Is power set functor determined by its image on objects?

There exists at least one other endofunctor of $\mathbf{Set}$ that sends every set to its powerset. This endofunctor sends a function $f:X\to Y$ to $$\widehat{f} :P(X)\to P(Y):U\mapsto \widehat{f}(U)=\{y\in Y\mid f^{-1}(\{y\})\subset U\}$$ (where $f^{-1}$ is the inverse image).

One can check directly that $\widehat{f\circ g}=\widehat{f}\circ \widehat{g}$ and $\widehat{id_X}=id_{P(X)}$, or use the following fact (which explains the origin of that definition) : for every set $X$, the powerset $P(x)$ is a poset (ordered by inclusion), and for any given $f$, $P(f), f^{-1}$ and $\widehat{f}$ are all monotone functions and we have two adjunctions $P(f)\dashv f^{-1}\dashv \widehat{f}$. Then, for any $g$ we have a chain of adjunctions $$P(f\circ g)\dashv (f\circ g)^{-1}\dashv \widehat{f\circ g}$$ and since adjunctions can be composed, we also have $$P(f)\circ P( g)\dashv g^{-1} \circ f^{-1}\dashv \widehat{f}\circ \widehat{g}$$

Since $P$ is a functor, the first term of the two chains coincide. By uniqueness of adjoint functors the other terms also coincide, thus $\widehat{f\circ g}=\widehat{f}\circ \widehat{g}$. You can use a similar argument for the identities.

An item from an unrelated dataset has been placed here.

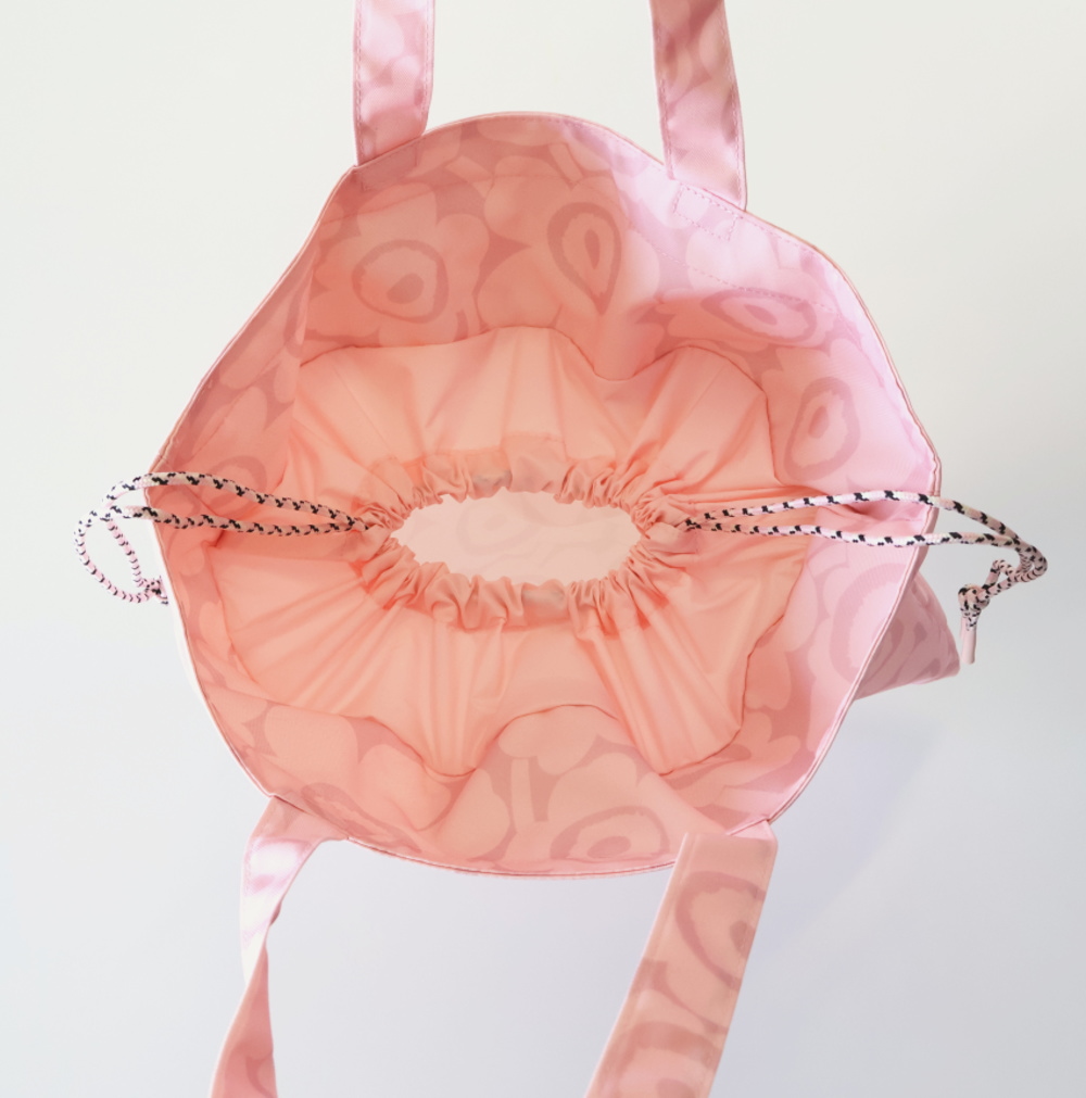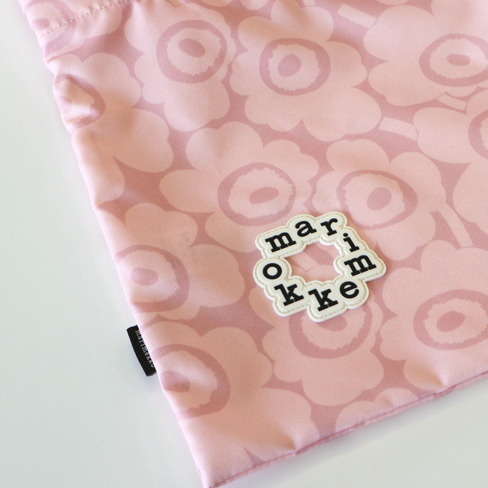 マリメッコのトートバッグMetka Mini Unikkoです。ブランドを代表するUnikko柄をやわらかなライトピンクのワントーンで仕上げた一枚。スクエア型としてはもちろん、トップを絞って巾着風フォルムでも楽しめる2WAY仕様で、装いを明るく軽やかに演出します。主素材にはリサイクルポリエステルを100%使用しています。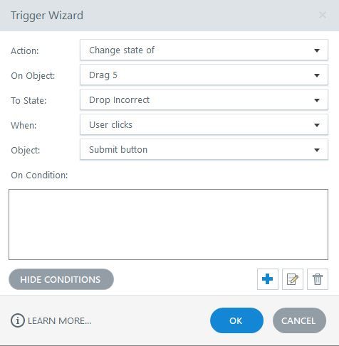 I'm struggling to work out how to do this. Below seems the right way to me, but I need the "Condition" below to be (in my words, not Storyline's) "if drag 5 has been dropped incorrectly". How might I do that? Thank you.

Here's a class of counter-examples:

For each set $X$ choose a bijection $r_X\colon \mathcal P(X)\to\mathcal P(X)$. Now let your functor $\mathcal F$ be defined on morphisms $f\colon X\to Y$ by $$ \mathcal F(f) = r_Y\circ \mathcal P(f) \circ r_X^{-1}. $$ You can check that this is a functor and one non-trivial choice of $r_X$ would be taking complements, i.e. $r_X(U)=X\setminus U$, then $\mathcal Ff(U) = Y\setminus f(X\setminus U)$.